Now imagine eye an ancient Greek warrior, his sword in the air, an olive branch on his head, and around his middriff, one of these pleated shirt-skirts, if you will. That shirt-skirt is a linothorax. But the linothorax wasn't a fashion statement — it was a suit of armor. 

So, how could what amounts to a kitchen apron serve the same purpose as kevlar?

For years historians have pondered that.

It's difficult to research linothoraxes because they are made of bio-degradable material. Few remains have been found at historic sites. But they are mentioned in texts — and we can see them on vases and paintings.

University of Wisconsin Green Bay Professor Gregory Aldrete and a group of his students used these drawings and ancient texts to make versions of the linothorax, and research why they were effective.

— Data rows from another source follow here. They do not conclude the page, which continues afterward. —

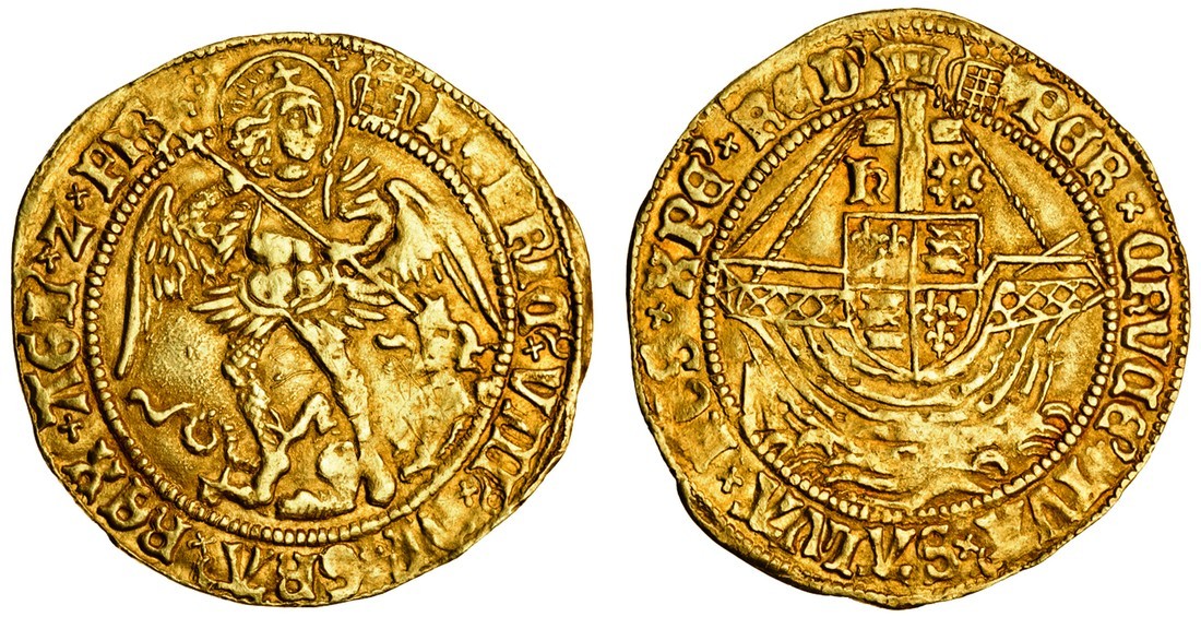 Henry VIII (1509-47), first coinage, 1509-26, Angel, 5.05g, St. Michael spearing dragon, henric viii etc, legend ends fr, rev. shield within ship, cross dividing h and rose, saltires stops, legend ends red', m.m. crowned portcullis with chains (N.1760; S.2265), graffitti on obverse, a few weak areas, very fine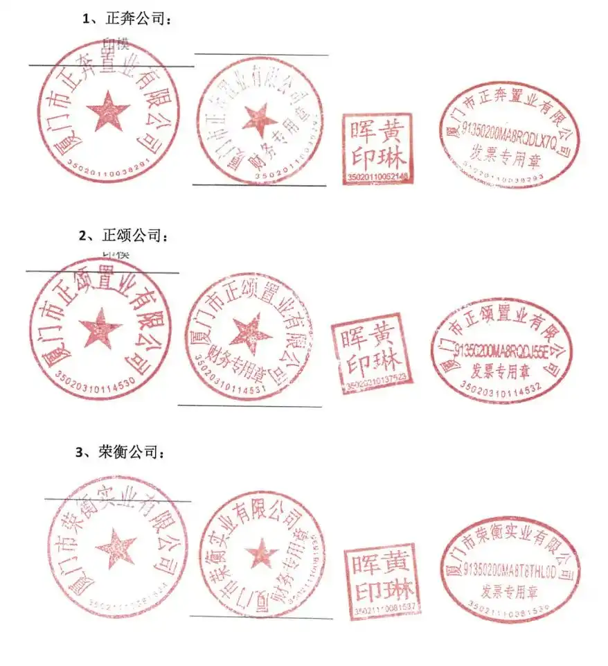 二、我公司郑重提示社会公众:鉴于厦门荣奔及厦门梁星违法私刻的三家公司公章及所变更的法定代表人不具备法律效力,正奔公司、正颂公司、荣衡公司及三家公司新任法定代表人杨高潘代表公司所从事的借款、担保、投资、签署商品房买卖合同以及其他所有的行为均为无效。原公章和法人章等印鉴样式详见下图,请社会公众提高警惕,注意识别,避免上当受骗。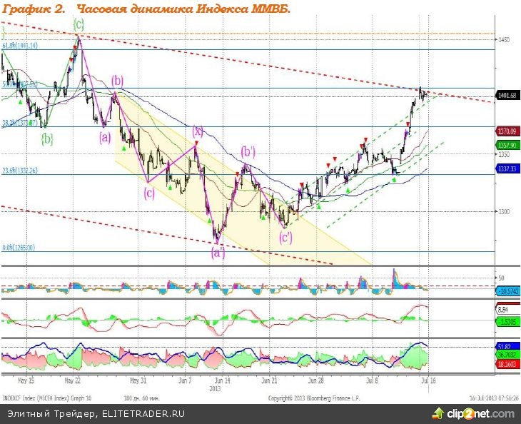 Индекс ММВБ – достиг верхней границы нисходящего тренда. MACD сформировал сигнал вниз. DMI+ находится выше DMI-, ADX находиться в верхней части шкалы и развернулся вниз, что говорит о замедлении восходящего локального тренда. Индикатор, основанный на динамике ADX, 11 июля дал сигнал к снижению. Рекомендация: Вне рынка

They documented their work in the "Linothorax Project" and published a book on the subject called "Reconstructing Ancient Linen Body Armor: Unveiling the Linothorax Mystery."

But replicating these creations wasn't an easy task. Aldrete and his team discovered that linothoraxes are made using several layers of linen and rabbit glue — yes, made out of the skin of rabbits.

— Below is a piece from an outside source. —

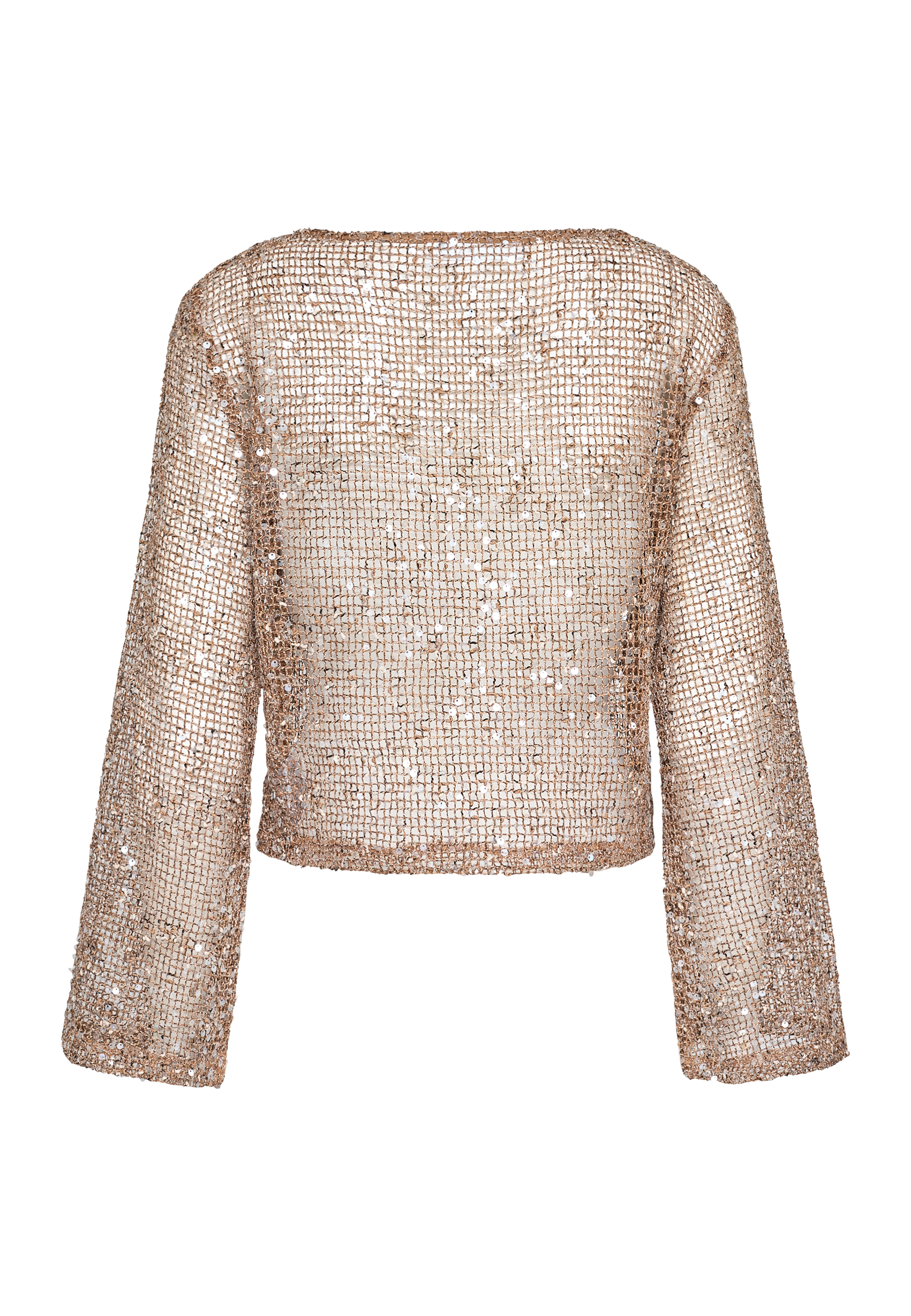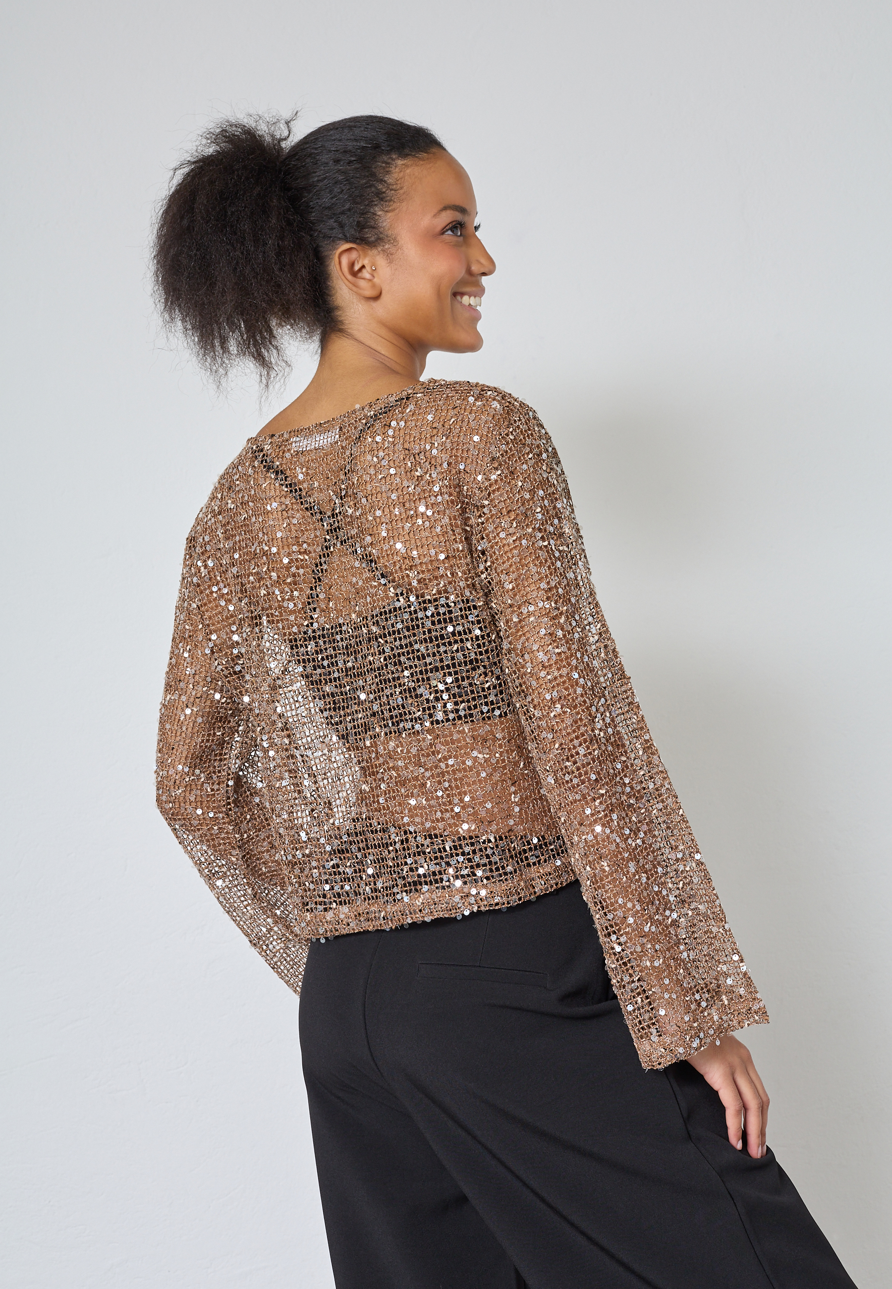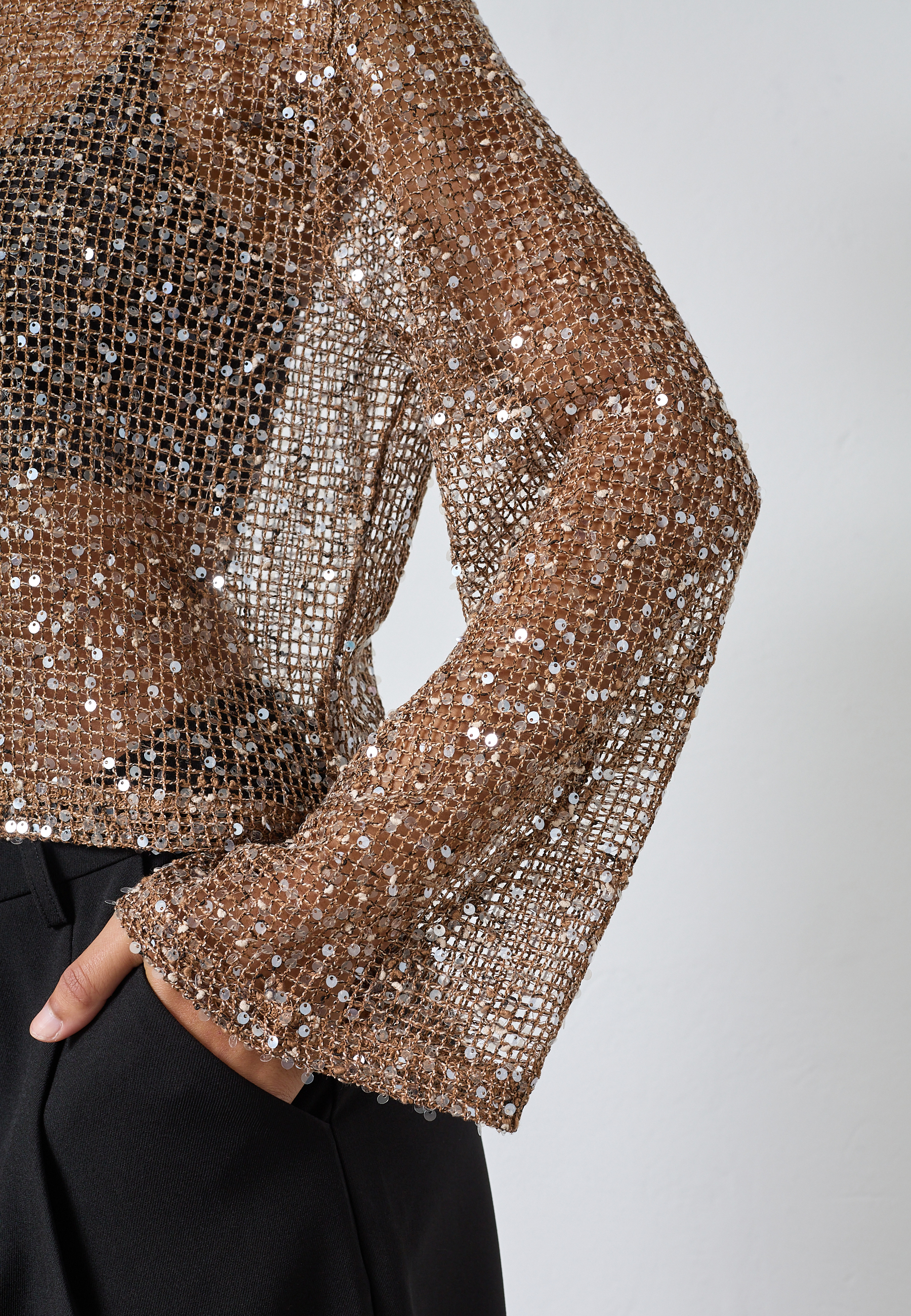 GLISA-LS is a long-sleeved top covered in sparkling sequins and features a sheer mesh design. The top's sleeves have a slight flare at the cuffs. The model is wearing a size S

"We had to recreate these using materials that were as close as possible to what they would have had in the ancient world," he says.

They had to get their hands on linen that was hand-woven and hand-sewn but also grown and harvested by traditional methods. That meant they had to grow their own linen. Which they did.

After creating the armor, they put it to the test. They made square slabs of the linen and shot arrows at them. They even put it on themselves and tested them out.

Greek armor
Gregory Aldrete and one of his students Scott Bartell testing out the linothorax

Courtesy of Gregory Aldrete

"Our bottom line result was, if you were wearing one of these things in the ancient world between 600 and 200 BC, you would have been safe from any kind of arrows out there," Aldrete says.

Some major advantages of these linen linothoraxes was that they were light-weight, flexible and offered good protection.

"In the 100-degree Mediterranean sun, if you're traipsing around ancient Persia or Greece, it made a lot of difference if you were wearing linen armor versus bronze," he explains. "If you're encased in a bronze breast plate, it would bake you."

Aldrete says the idea of using layers of linen (or any material) and gluing them together to create a tough, resistant material has been used for centuries. And it's still used today. Some of the bullet-proof vests used by armies and police forces around the world have been created using similar concept.

Now, Aldrete is getting questions about the linothorax armor from Hollywood. But he says the oddest request came from a designer of role playing games who was creating a game based on a zombie apocalypse.

He wanted to know if this armor would be good protection against a zombie bite.

"After thinking about it for a bit, I had to say, yes, it probably would," Aldrete says.